Mike Gencarelli: How do you feel that “My Big Break” has finally be released to the public?
Tony Zierra: Relieved. One of the great gratifications a filmmaker has is to see their work done and to know that it has a chance to find its audience I’m always deeply touched when I hear someone has seen “My Big Break ” and was affected by it and understood what it’s about.

MG: Was it worth it for the 10 years it took to make and release?
TZ: Was it worth it? Yes. Did I want it to take 10 years? No. Absolutely not. The one thing that I can say is that the length of time it took to take the movie gave me a deeper understanding of the business, the life of the celebrity, the reality of filmmaking and allowed me to convey that in the film. It would be impossible to grasp that in two or three years. As annoying as it is to take that long to do something, when it’s done you really do appreciate all the hard work. That kind of lengthy process creates layers that you can only accomplish with time. Also, time allowed me to follow what would happen to each individual, including myself, before during and after “their break” and created a natural arc for the characters and the film.

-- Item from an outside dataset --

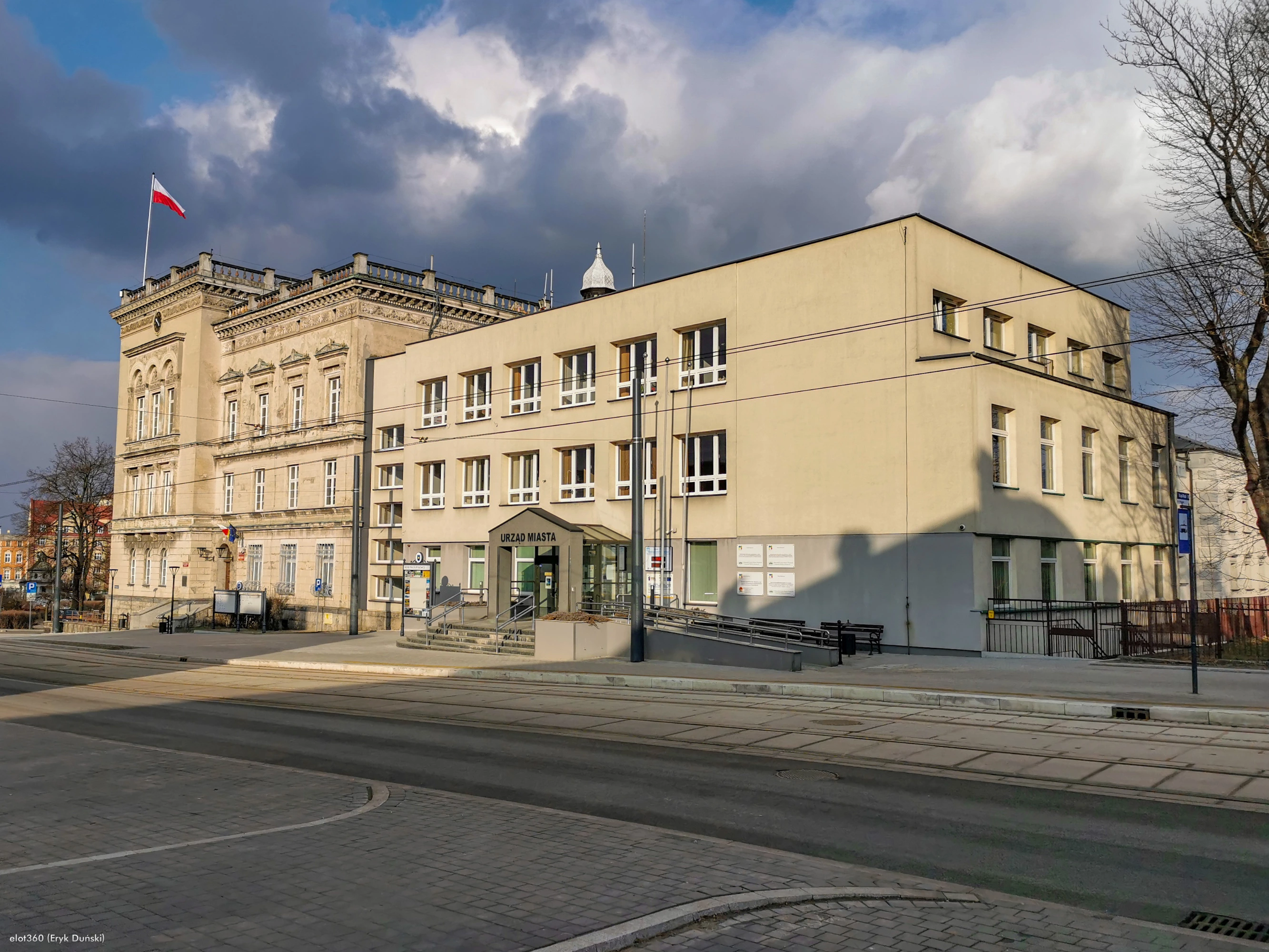 2 lutego 2025 , Budynek UM w Mysłowicach. Z prawej strony kadru słupek nowego przystanku tramwajowego "Mysłowice Urząd Miasta"Skomentuj zdjęcie |

MG: What do you think was the most difficult aspect in this road?
TZ: Resources and people’s commitment or lack thereof to the project, and the industry’s fear of exposure.

MG: Do you still keep in contact with Wes Bentley, Chad Lindberg, Brad Rowe and Gregory Fawcett?
TZ: Yes, but in varying degrees.

MG: Ever consider doing another documentary in another 10 years to follow-up on their careers?
TZ: I might, but if I wouldn’t do it if I were them. it’s very difficult for actors or any celebrity to put themselves in that position.This type of “real” reality, not the constructed reality we see on television, is too intense and revealing for them to willingly take part in. Probably the only reason they agreed to do it originally was because they were unknown.

MG: How does “My Big Break” compare to the tossed documentary “Carving Out Our Name”?
TZ: “My Big Break” is more revealing, layered and truthful. “My Big Break” is storytelling and “Carving” was filmmaking. “Carving” was honest to a certain degree, very visual, with a sense of “show-off” because I was hoping that it would be my ticket to working as a filmmaker in Hollywood. I was playing the game to get into the system. When you’re making a film in the business you’re already thinking about your next film so there’s a self-conscious aspect to it. True storytelling, though, is not affected by any of that. You’re only focused on the truth of the subjects as characters in the story. Also, “Carving” had a lot in it aboutrelationships each guy had with their then girlfriends and their friendship with each other but ‘My Big Break” is purely about the each one of us in relationship to the business. There was no narration in “Carving”, I never appeared in it at all. I put my story into “My Big Break” because I felt it was only fair to the actors to expose my own pain, vulnerability and disappointments if I was going to do that to them

MG: What are you currently working on? Ever plan on directing again?
TZ: I’ll always be interested in storytelling and there are different ways to do that outside of the system. For example, I’m working on a documentary about Stanley Kubrick but I don’t really see it as “making movies” in a standard way – I’m telling a story. I’m currently writing a book about my experiences that include, but are definitely not confined to, my time in Hollywood. And there are always other projects in the works.